Assim que Marcus se virou, os olhos de Virgínia ficaram instantaneamente vermelhos. Mas, dessa vez, por mais que doesse, nenhuma lágrima caiu. Seu coração já estava completamente morto. Morrera no momento em que Marcus deu as costas para ela.

Com um gesto rápido, ela enxugou os olhos secos e tentou se convencer de que só precisava de uma boa noite de sono. Amanhã, ao acordar, ela iria embora. Longe daquele homem e de tudo o que ele representava.

Mas, assim que ela fechou os olhos, foi interrompida por uma discussão vinda da cama ao lado.

— Para de chorar! — Gritou uma mulher, com um tom de repreensão. — A moça da cama ao lado é uma piloto de corrida. Agora, com a perna quebrada, ela nunca mais vai poder dirigir. E nem por isso está chorando. Você só torceu o pé. Vai chorar por causa disso?

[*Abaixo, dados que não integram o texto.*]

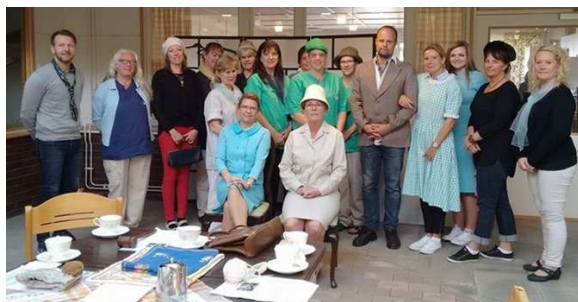
Staff at the elderly home Rönningegården in the Time Travel event to 1967. The focus was on “change”.

The meeting in the church committee was led by a very dominant and mean chairwoman with old fashioned ideas and opinions. She pointed out

— Não! Eu não quero quebrar a perna! Não quero! — A voz de um menino pequeno chorando ecoou pelo quarto inteiro, alcançando os ouvidos de Virgínia.

“Perna quebrada?”

A mente de Virgínia explodiu como um trovão ensurdecedor. Era como se algo dentro dela tivesse sido arrancado e destruído ao mesmo tempo.